For numbers, it could be anything: currency, percentage or simple numeric value. You would also need to support the distinction, some examples: {0,currency,symbol:$,long}, {0,percentage}, {0,number,long}. It is not easy to guess what I mean, but for large numbers you might want to use grouping separators (1,000,000.00$), let's call it long format, whereas sometimes you would like to print number like this: 1234. Not an easy task.

5. .Net has concept of User Interface Culture (CurrentUICulture) and Formatting Culture (CurrentCulture). First is in use to determine the appropriate language for User Interface messages, whereas second is in use for formatting (numbers, dates, currencies, etc.).

6. Different languages tend to use different Collation order, heck even the same language could use two (or more) different ones. I am not sure if it fits the scope, but it at least good to be aware of.

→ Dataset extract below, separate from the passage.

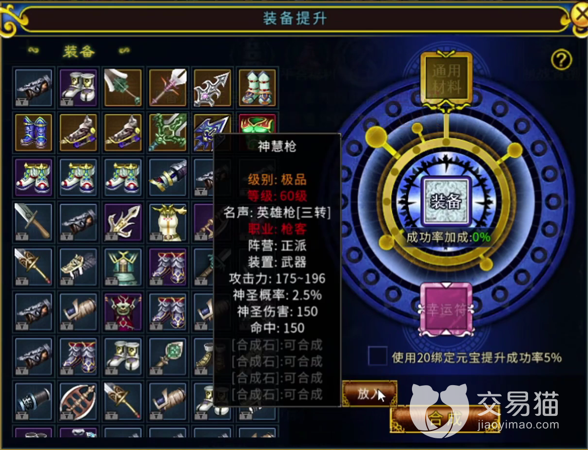 每一件装备通常情况下,可以一次性装配四个合成石。也就是说,每个装备如果想发挥出全部战斗力的话,至少得需要四次合成帮助我们提升战斗力。因此,对于合成石头装配来说,幸运符就是至关重要。毕竟如果在初期阶段装备合成时没有使用幸运符的话,很有可能会被游戏前中期较为难受的合成概率所困扰,继而导致不少装备装配合成时失败,浪费石头。当然,部分玩家们也可以选择用元宝进行提升强化成功率。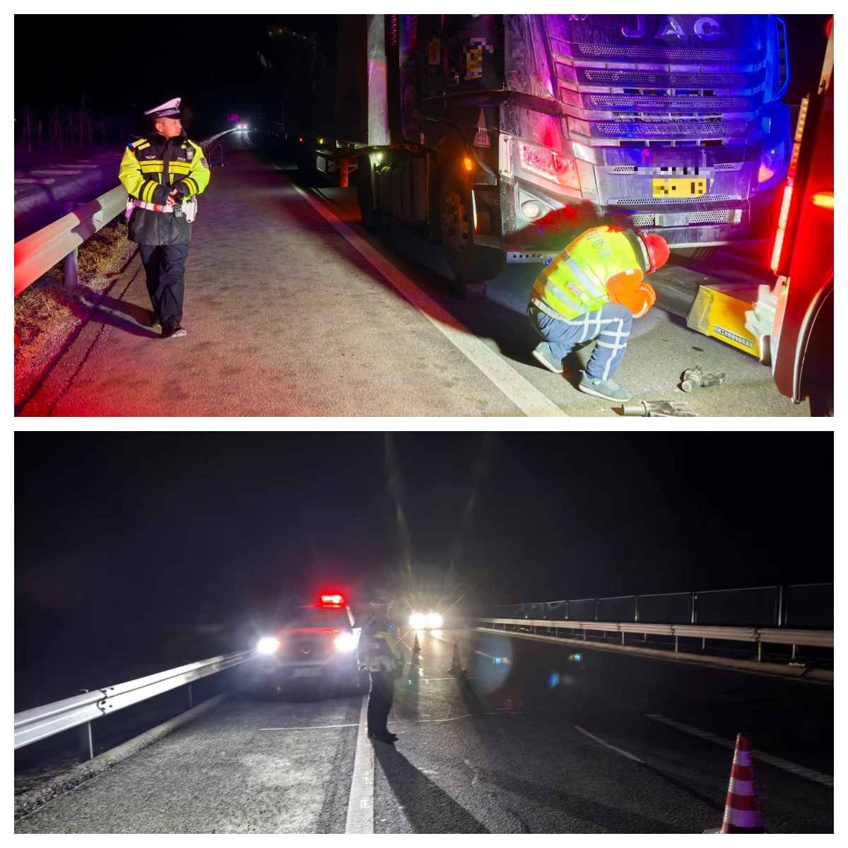 1月21日2时30分许,中卫市公安局交通管理局高速公路三大队接报警称:在福银高速由南向北2293km处,一辆重型半挂厢式货车停在行驶道内,无法移动。接警后,大队民警立即赶往现场。

7. Support for different Character Encodings might be required (and probably will be). However, you might want to limit the Encoding for resources file to say UTF-8. It won't cover all possible characters (see GB18030 for example), but it is close.

... ?

Well, I am sure I forgot something major, as the task you are approaching is monumental. And I don't know much about Node.js (as in what is currently supported).

Edit

8. Of course I forgot to mention that as software evolves, only few User Interface messages change, therefore there is some need of merging the old translations (it is called Leveraging in L10n terms). Usually some kind of Translation Memory software is in use (for example POEdit, the GetText file format editor has such features built in). The TM software usually have support limited to certain file formats only, so it would be a good idea to stick with existing format rather than creating your own. This could mean dropping some features off the list...

3
votes

Your design should allow for...

Reordering of parameters

As you have identified, translators may need to reorder parameters to suit different grammars. So, whatever system you use, you need to either make the parameters named or give them an index.

Formatters

I guess you could leave these to the developer to transform before substituting them, but somewhere people are going to want to do locale-sensitive formatting of numbers, currencies, dates and times. You may want to stretch that to pluralization, but that's a can of worms you may not want to open.

Unique keys

The lookup keys need to be unique. Using the untranslated string as a key is risky as translations of identical source strings may differ depending on their context.

Tools

Letting translators loose with "plain text files" is likely to cause trouble. You'll ideally want some mechanism to handle encodings, add translation comments from specialists, recover translations between versions and validate resultant strings to ensure the substitution parameters match the source strings.


I'd look at the ICU, .Net and Java APIs for inspiration.